Exercise requirements
The listing below should be printed in full and exactly, apart from its images.

Input data
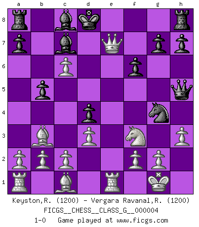 Last move : 1-0 2006 August 23 20:27:59 [Event "FICGS__CHESS__CLASS_G__000004"] [Site "FICGS"] [Date "2006.07.14"] [Round "1"] [White "Keyston,Ron"] [Black "Vergara Ravanal,Raul Andres"] [Result "1-0"] [WhiteElo "1200"] [BlackElo "1200"] 1.e4 e5 2.Nf3 Nc6 3.Bb5 Nd4 4.Nxd4 exd4 5.O-O c6 6.Bc4 b5 7.Bb3 Qh4 8.d3 Bd6 9.h3 Bc7 10.Nd2 d5 11.exd5 Nf6 12.Re1+ Kd8 13.Nf3 Qh5 14.dxc6 Ng4 15.Qe2 f6 16.Qe7+ 1-0 Ruy Lopez : Bird's defense Kingside Castling by player White (move 5) Player White won this chess game. Follow this game move after move (download)The boy (then a 12 year old boy named Anatoly Karpov) doesn't have a clue about Chess, and there's no future at all for him in this profession. (Mikhail Botvinnik) Jeder Fehler erscheint unglaublich dumm, wenn andre ihn begehen. (Georg Christoph Lichtenberg) El sobresalir en el Ajedrez es un signo de una mente intrigante. (Sir Arthur Conan Doyle) Toutes choses étant égales, c'est la conviction qui gagne. Alliée à une volonté de vaincre, elle sert de détonateur, suscite des idées, disperse les doutes et aide à penser clairement. (Robert Fischer) This is where the fun begins. (Anakin Skywalker in Star Wars ep.3)
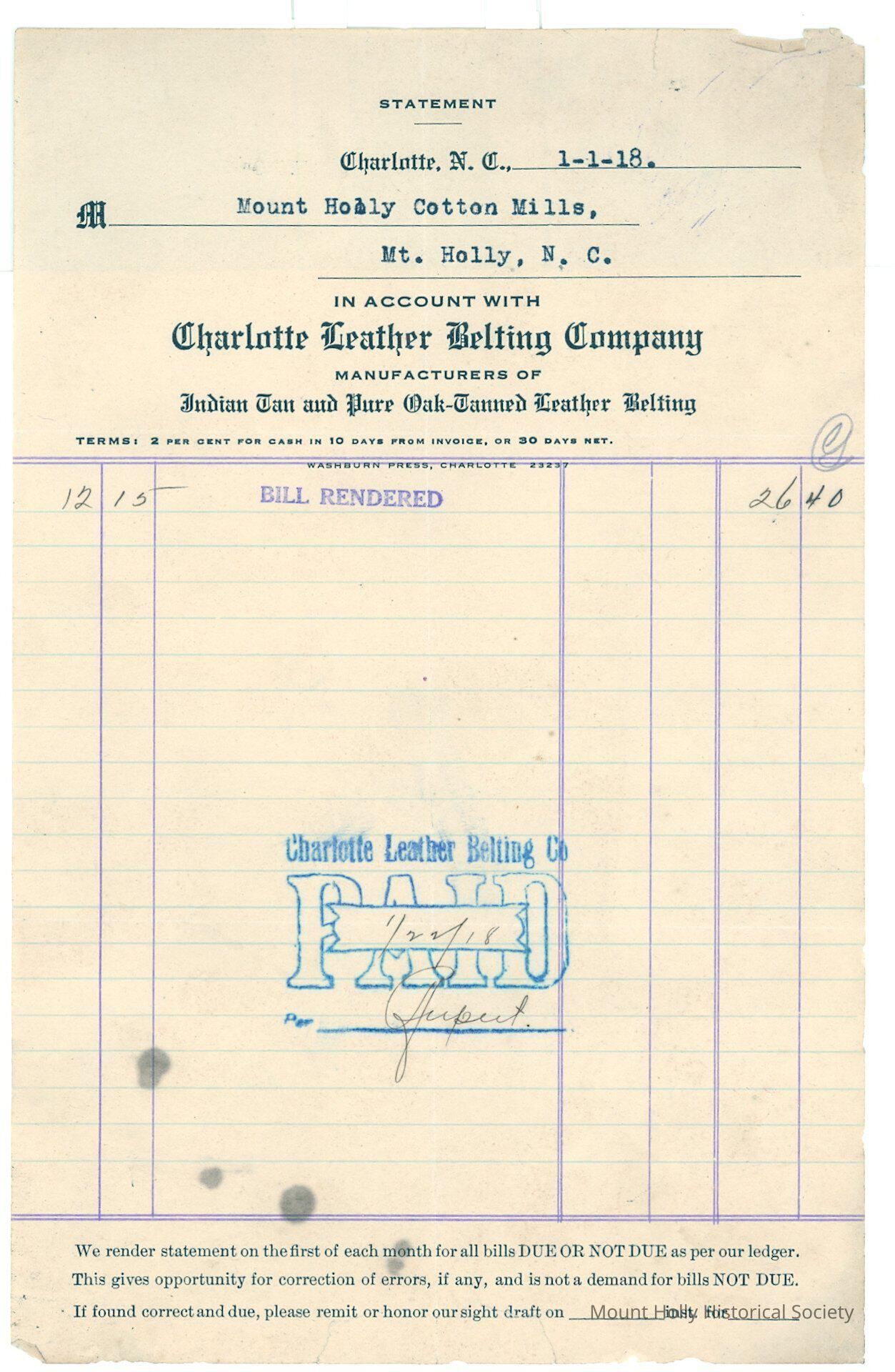 Statement from Mt. Holly Cotton Mills on account with Charlotte Leather Belting Co.
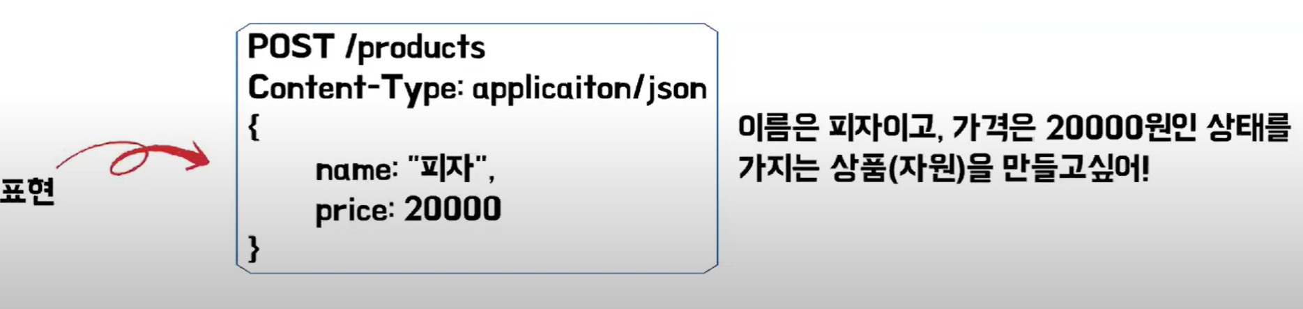 메타데이터 + 데이터이면서 자원의 특정 상태를 의미합니다. 이러한 표현을 통해서 자원을 조작해야 합니다.
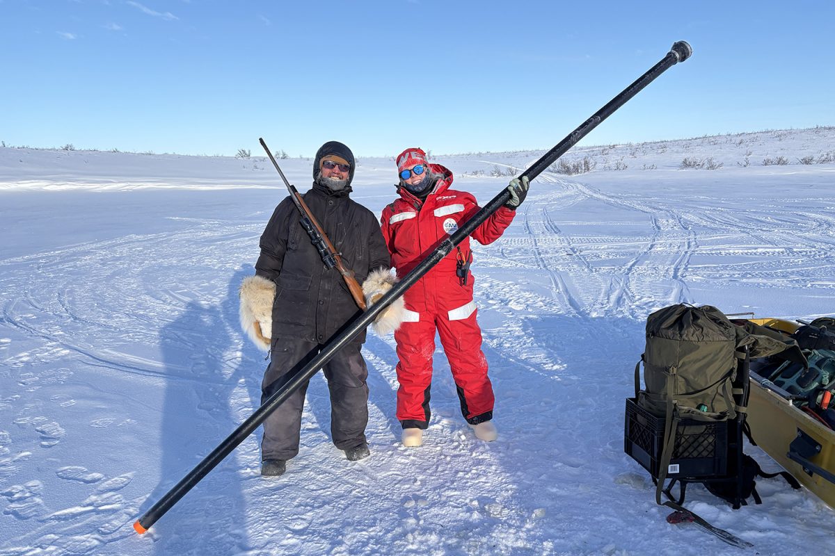 Bei -40 Grad Celsius fror Camerons eigentlicher Sedimentkernbohrer ein. Die Lösung: Ein selbstgebauter Ersatz mit Materialien aus dem lokalen Baumarkt. Neben Cameron steht der einheimische Wildtierbeobachter Miles Dillon. Bildnachweis: Moritz Langer/Vrije Universiteit Amsterdam.

Written answer
 Last move : 1-0 2006 August 23 20:27:59 [Event "FICGS__CHESS__CLASS_G__000004"] [Site "FICGS"] [Date "2006.07.14"] [Round "1"] [White "Keyston,Ron"] [Black "Vergara Ravanal,Raul Andres"] [Result "1-0"] [WhiteElo "1200"] [BlackElo "1200"] 1.e4 e5 2.Nf3 Nc6 3.Bb5 Nd4 4.Nxd4 exd4 5.O-O c6 6.Bc4 b5 7.Bb3 Qh4 8.d3 Bd6 9.h3 Bc7 10.Nd2 d5 11.exd5 Nf6 12.Re1+ Kd8 13.Nf3 Qh5 14.dxc6 Ng4 15.Qe2 f6 16.Qe7+ 1-0 Ruy Lopez : Bird's defense Kingside Castling by player White (move 5) Player White won this chess game. Follow this game move after move (download)The boy (then a 12 year old boy named Anatoly Karpov) doesn't have a clue about Chess, and there's no future at all for him in this profession. (Mikhail Botvinnik) Jeder Fehler erscheint unglaublich dumm, wenn andre ihn begehen. (Georg Christoph Lichtenberg) El sobresalir en el Ajedrez es un signo de una mente intrigante. (Sir Arthur Conan Doyle) Toutes choses étant égales, c'est la conviction qui gagne. Alliée à une volonté de vaincre, elle sert de détonateur, suscite des idées, disperse les doutes et aide à penser clairement. (Robert Fischer) This is where the fun begins. (Anakin Skywalker in Star Wars ep.3)
 Statement from Mt. Holly Cotton Mills on account with Charlotte Leather Belting Co.
 메타데이터 + 데이터이면서 자원의 특정 상태를 의미합니다. 이러한 표현을 통해서 자원을 조작해야 합니다.
 Bei -40 Grad Celsius fror Camerons eigentlicher Sedimentkernbohrer ein. Die Lösung: Ein selbstgebauter Ersatz mit Materialien aus dem lokalen Baumarkt. Neben Cameron steht der einheimische Wildtierbeobachter Miles Dillon. Bildnachweis: Moritz Langer/Vrije Universiteit Amsterdam.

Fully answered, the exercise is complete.